Question: I have a limited liability company (LLC), do I need an operating agreement?

The Sauk Prairie Eagle – Ask The Professional Column.  (Jared Walker Smith)

Answer:  An operating agreement sets forth how the business of the LLC is going to be conducted and the rights and responsibilities of its members. If your LLC does not have an operating agreement, then your LLC is subject to the default rules of Wisconsin’s LLC law—which may not be in your best interests as a member. Having a well-drafted operating agreement lets you customize the structure of your LLC to best fit the goals of your business. In multi-member LLCs, it can help mitigate future conflicts between the members. Even single-member LLCs benefit from having an operating agreement—operating agreements help establish that the LLC is a separate entity from the sole-owner, an important factor in protecting your limited liability.
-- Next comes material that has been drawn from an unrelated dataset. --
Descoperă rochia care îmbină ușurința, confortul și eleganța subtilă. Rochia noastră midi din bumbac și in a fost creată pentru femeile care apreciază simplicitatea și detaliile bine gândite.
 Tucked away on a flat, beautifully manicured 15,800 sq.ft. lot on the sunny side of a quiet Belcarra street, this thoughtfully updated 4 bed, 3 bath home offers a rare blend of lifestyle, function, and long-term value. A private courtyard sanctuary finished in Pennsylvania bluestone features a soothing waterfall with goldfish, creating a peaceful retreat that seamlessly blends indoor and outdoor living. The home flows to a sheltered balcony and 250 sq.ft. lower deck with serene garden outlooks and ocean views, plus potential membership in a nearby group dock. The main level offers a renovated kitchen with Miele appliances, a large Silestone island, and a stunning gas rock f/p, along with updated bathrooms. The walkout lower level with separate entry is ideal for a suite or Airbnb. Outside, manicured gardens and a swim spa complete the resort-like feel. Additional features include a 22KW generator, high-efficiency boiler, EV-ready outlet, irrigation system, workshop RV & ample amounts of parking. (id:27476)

Additionally, an operating agreement can establish what happens to the LLC’s operations if you die or become unable to run the business. If you own an LLC or are thinking of starting one, please see a qualified attorney to make sure that you and your LLC are protected with well-drafted corporate documents, including an operating agreement.

Disclaimer: The above information is provided as general information, not as legal advice, and does not create an attorney client relationship. Before making any decisions regarding legal matters, individuals should consult with a qualified attorney.